Anonymous posted on Tuesday, November 02, 2004 - 10:17 am
I am trying to determine the goodness-of-fit of some LCA and LTA models where my variables are nominal. I would really like to get the Pearson chi-square and likelihood ratio chi-square values for these nominal models, but apparently I can only get these chi-square values for categorical models. What should I do?
bmuthen posted on Tuesday, November 02, 2004 - 11:09 am
The current version does not yet have these chi-squares for nominal outcomes. But you can obtain this test by specifying the variables as categorical instead of nominal since that gives the same model fit (same number of parameters and loglikelihood value) when you don't have covariates.
Boliang Guo posted on Thursday, November 17, 2005 - 1:57 am
Dr. Muthen, here is a general issue on model identificant which need your help to shed light me on.
Professor Velicer in University of Rhode Island, published a paper on LTA for smoker. he used winLTA for his study (result from WinLTA is almost same with the result from Mplus, G2 in winlta is same as the likelihood chi sq in Mplus).
Briefly say, he tested 3 LTA models to see which one is the best. He concluded that the Model3, with the least G2 value are the best model for his study.
I check his paper and find all his G2 value are significant, even the G2 in his best model are also 284.35, 703.979, 457.343 and 564.485, all with 7 df, respectively for different measurement occassion. For pure model comparison, model 3 with the least G2 is accepted but G2 in all his models are statistically significant, generally speaking, nonsignificant G2 is a indicator for an accepted model, if I am not wrong, I will say all his model are not accepted following the nonsignificant G2 rule, am I right? some one say Chi sq is a badness of fit, less chi sq like the less badness for model comparsion, but could we say a less bad model is accpeted although it is really BAD!!!?
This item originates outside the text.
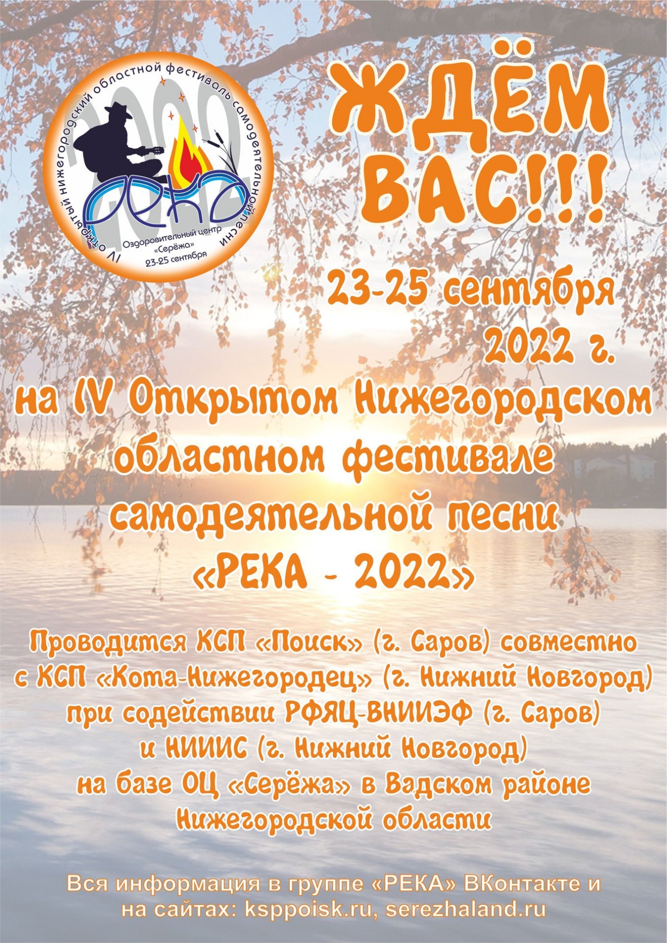 23−25 сентября на базе ДОЛ ОЦ «Серёжа», что находится примерно в пяти километрах от села Крутой Майдан Вадского р-на Нижегородской области, пройдёт IV Открытый Нижегородский областной фестиваль самодеятельной песни «РЕКА — 2022».

thanks for your attention on my novice question. Prof.Velicer's paper: Addictive behaviors, 21, 67-80, 1996
bmuthen posted on Thursday, November 17, 2005 - 5:20 am
The LRT chi square testing against an unrestricted frequency table is only useful with a small number of variables, say < 10. Otherwise, small cell frequencies make the test statistic deviate from chi square. Another consideration is if the sample size is very big in which case you may have more power than you need to reject the model. If the number of items is small and the sample size not huge, I think a significant LRT should lead to model rejection. Other statistics are also useful for deciding on the number of classes such as BIC and bootstrapped LRT for testing k-1 vs k classes.